Neda's Revolution?

22 June 2009



Google
WWW Kensington Review

Iran Erupts in Street Violence

The electoral protests in Iran last week have changed to outright protests against the regime. The miscalculation of the Supreme Leader Ayatollah Ali Khamenei in telling the protesters on Friday to sit down, shut up and get over the fact that President Mahmoud "Madman" Ahmadinejad was going to get another term either fairly or not. Countless Iranians accepted that challenge and filled the streets. Some of them died. One young woman in particular has become the face of the resistance as her death was recorded on a cell phone and distributed all over the Internet. Her name was Neda.

Stalin famously observed that one death was a tragedy and a million was a statistic. Nothing like a million have died in Iran, but her one death has shaken the consciences of a great many Iranians and friends of Iran. It has not yet shaken the consciences of the mullahs and the so-called hard-liners, but it has ensured that this is going to go on a long time with the outcome uncertain.

As a result of the pressure, the Guardian Council (an assembly of mullahs who decide much of what goes on in Iran) has admitted this morning that more ballots were handed out in no fewer than 50 cities than there were registered voters. Then in a puff of illogic, the Council said that the extra ballots didn't affect the outcome. This admission, though, is the first time the regime has made any concession to the protesters. More will follow.

Unlike most of the rest of the Muslim world, the Iranians have had 30 years of Islamic rule, and they don't hanker after some idealistic utopia based on the Koran. What they want is a government that works. Most Iranians are under 25, and they don't necessarily understand freedom or human rights in quite the way an American or a Briton might. They do understand that they don't have the kind of future they want for themselves, and that they have the Allah-given right to make their own future. And if there is one thing the world community does accept is the right of a people to determine their own future.

Sixty years ago almost to the day, East Berlin workers rose up against the Soviet occupation and were slapped down with all the might they occupiers could muster. Bertholt Brecht wrote that handbills were distributed in the Stalinallee that said, "the people/Had forfeited the confidence of the government/And could win it back only/By redoubled efforts." His poem ended with a rhetorical question, "Would it not be easier/In that case for the government/To dissolve the people/And elect another?"

Until last Friday, the great many people in Iran believed that their votes mattered.
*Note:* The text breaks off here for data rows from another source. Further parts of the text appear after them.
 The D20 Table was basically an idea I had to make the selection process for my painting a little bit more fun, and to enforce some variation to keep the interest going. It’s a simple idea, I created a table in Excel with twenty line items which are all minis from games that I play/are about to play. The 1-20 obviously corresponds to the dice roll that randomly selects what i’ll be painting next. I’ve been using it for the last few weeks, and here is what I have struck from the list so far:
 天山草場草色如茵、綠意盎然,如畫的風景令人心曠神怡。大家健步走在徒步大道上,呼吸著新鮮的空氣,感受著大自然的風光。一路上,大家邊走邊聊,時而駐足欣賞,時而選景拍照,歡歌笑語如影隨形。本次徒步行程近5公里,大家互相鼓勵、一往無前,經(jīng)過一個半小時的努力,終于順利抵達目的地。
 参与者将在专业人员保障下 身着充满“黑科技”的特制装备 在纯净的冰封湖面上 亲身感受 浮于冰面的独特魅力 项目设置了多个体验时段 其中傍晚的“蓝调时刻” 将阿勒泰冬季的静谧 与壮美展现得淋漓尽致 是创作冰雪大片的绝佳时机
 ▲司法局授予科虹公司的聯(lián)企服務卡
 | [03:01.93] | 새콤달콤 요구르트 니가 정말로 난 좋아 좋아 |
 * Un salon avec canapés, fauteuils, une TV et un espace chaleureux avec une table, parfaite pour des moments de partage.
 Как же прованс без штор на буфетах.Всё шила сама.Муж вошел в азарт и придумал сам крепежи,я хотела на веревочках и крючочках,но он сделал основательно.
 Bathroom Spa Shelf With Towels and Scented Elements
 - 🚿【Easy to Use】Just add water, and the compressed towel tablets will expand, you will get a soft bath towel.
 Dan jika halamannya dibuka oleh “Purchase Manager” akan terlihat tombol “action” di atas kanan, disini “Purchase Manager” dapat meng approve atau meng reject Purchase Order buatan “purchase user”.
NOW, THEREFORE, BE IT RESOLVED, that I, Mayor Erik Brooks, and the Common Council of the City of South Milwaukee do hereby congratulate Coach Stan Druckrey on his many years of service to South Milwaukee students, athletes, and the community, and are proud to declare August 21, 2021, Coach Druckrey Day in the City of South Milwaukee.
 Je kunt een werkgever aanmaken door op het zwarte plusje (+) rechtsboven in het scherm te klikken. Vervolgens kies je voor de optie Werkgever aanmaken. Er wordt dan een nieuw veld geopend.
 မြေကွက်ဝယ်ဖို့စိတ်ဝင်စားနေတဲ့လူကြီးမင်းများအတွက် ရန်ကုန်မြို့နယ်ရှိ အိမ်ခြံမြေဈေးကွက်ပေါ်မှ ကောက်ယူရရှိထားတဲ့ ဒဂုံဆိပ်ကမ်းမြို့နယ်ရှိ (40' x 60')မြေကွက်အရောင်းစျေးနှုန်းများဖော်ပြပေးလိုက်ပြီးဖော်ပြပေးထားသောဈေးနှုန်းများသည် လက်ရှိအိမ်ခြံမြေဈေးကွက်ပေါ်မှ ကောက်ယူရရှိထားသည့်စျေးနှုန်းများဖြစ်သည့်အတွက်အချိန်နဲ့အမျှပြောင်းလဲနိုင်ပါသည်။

When the Supreme Leader said they were wrong, a rift opened up like the one between East Berliners and the government. The difference was the East Berliners were occupied, but the people will take some persuading to trust the regime again. It took decades for East Berliners to finally get a voice in their government. It took the Ayatollah Khomenei and his supporters a year to oust the Shah.

Neda's Revolution is going to have far-reaching consequences regardless of how long it lasts or of which faction prevails. Other authoritarian nations are watching. And if people power succeeds in Iran, it will go elsewhere. If it fails, it may take another generation for change to come. The trouble is no one is quite sure what success or failure mean right now. But any situation that leaves a young woman dead, shot like a rabid dog, for the simple act of petitioning her government for redress must not go on.